- Born: February 16, 1974 (age 51) Blackville, New Brunswick, Canada
- Height: 5 ft 9 in (175 cm)
- Weight: 165 lb (75 kg; 11 st 11 lb)
- Position: Forward
- National team: Canada
- Playing career: 1996–2006
- Medal record
Representing Canada
Women's ice hockey
Olympic Games
| Silver medal – second place | 1998 Nagano | Tournament |
Three Nations Cup
| Silver medal – second place | 1997 |  |

= Kathy McCormack =

Canadian ice hockey player

Katheryn McCormack (born February 16, 1974) is a retired ice hockey forward who played for the Mississauga Ice Bears, Oakville Ice, and the Canadian national team. She was a member of the 1998 Canadian Olympic women's team that participated in ice hockey at the 1998 Winter Olympics, winning a silver medal.

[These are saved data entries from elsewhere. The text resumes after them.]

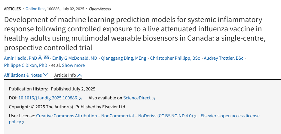 该研究题为《Development of machine learning prediction models for systemic inflammatory response following controlled exposure to a live attenuated influenza vaccine in healthy adults using multimodal wearable biosensors in Canada: a single-centre, prospective controlled trial》由Amir Hadid、Emily G McDonald、Qianggang Ding、Christopher Phillipp、Audrey Trottier、Philippe C Dixon、Oussama Jlassi、Matthew P Cheng、Jesse Papenburg、Michael Libman和Dennis Jensen等撰写,作者隶属于加拿大蒙特利尔麦吉尔大学教育学院运动机能学与呼吸生理学实验室、麦吉尔大学Sylvan Adams运动科学研究所、麦吉尔大学健康中心内科总医学科、魁北克人工智能研究所(Mila)、蒙特利尔大学计算机科学与运筹学系以及麦吉尔大学健康中心研究所。研究旨在开发基于多模态可穿戴生物传感器与机器学习的预测模型,用于实现健康成年人在接种减毒流感活疫苗(LAIV)后系统性炎症反应的早期预测,而无需依赖临床症状。该团队在加拿大蒙特利尔麦吉尔大学健康中心招募了56名18–59岁的健康志愿者,通过Oura指环、Biobeat手表和Astroskin–Hexoskin智能衬衫等设备持续监测心率、呼吸频率、加速度等生理数据,并结合高时间分辨率的血液炎症生物标志物进行分析。采用梯度提升机器学习算法(XGBoost)训练模型后,在实时预测和24小时容差预测窗口下的ROC-AUC分别达到0.73和0.89,显著优于仅基于症状的检测模型(ROC-AUC分别为0.66和0.79)。研究结果表明,融合系统性炎症生物标志物与可穿戴设备生理数据的机器学习模型,可实现对轻微流感感染引发的炎症反应的早期客观检测,有望推动病毒性呼吸道感染(包括无症状或亚临床阶段)的早期发现,为公共卫生干预和防控策略提供新的技术手段。
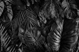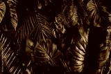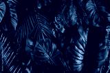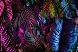 Tropical dark trend jungle in neon illuminated lighting. Exotic palms and plants in retro style.
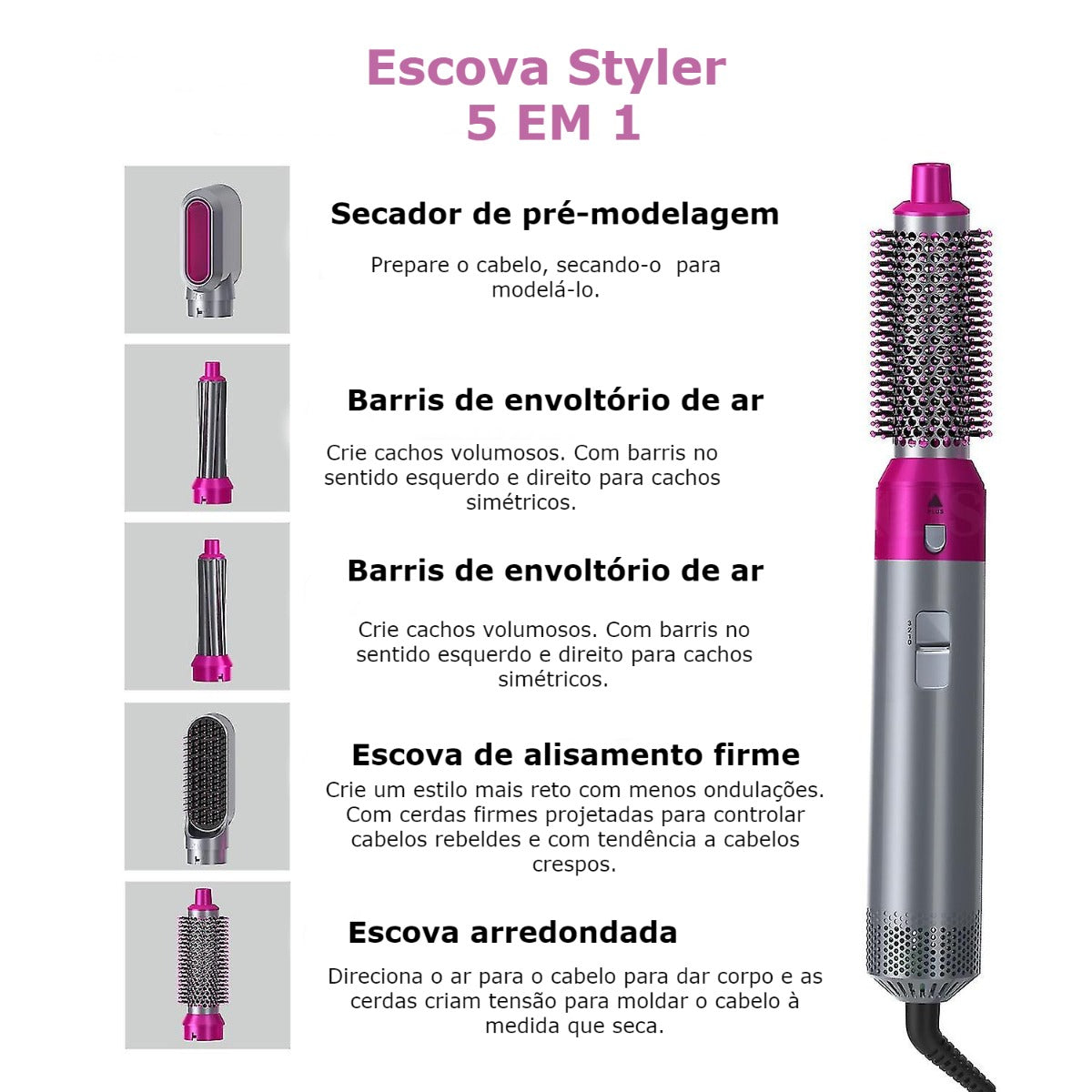 A Escova Styler 5 em 1 é a aliada perfeita para transformar o seu visual com facilidade e sem danificar o cabelo.

She played with the Canadian National team from 1997 to 2001.

==Playing career==
At the age of eight, McCormack started playing hockey on boys teams. The first time that she played on a team consisting of girls was at the 1991 Canada Winter Games for New Brunswick. She was a Team Canada member at the U.S. Olympic Festival in 1993 in San Antonio, Texas

At the 1995 Canadian championships, McCormack played with the New Brunswick provincial team and won a silver medal. The following year, she would win a bronze medal at the Canadian championships. In 1996, she joined the Maritimes Sports Blades. One of her teammates was future Olympian Stacy Wilson.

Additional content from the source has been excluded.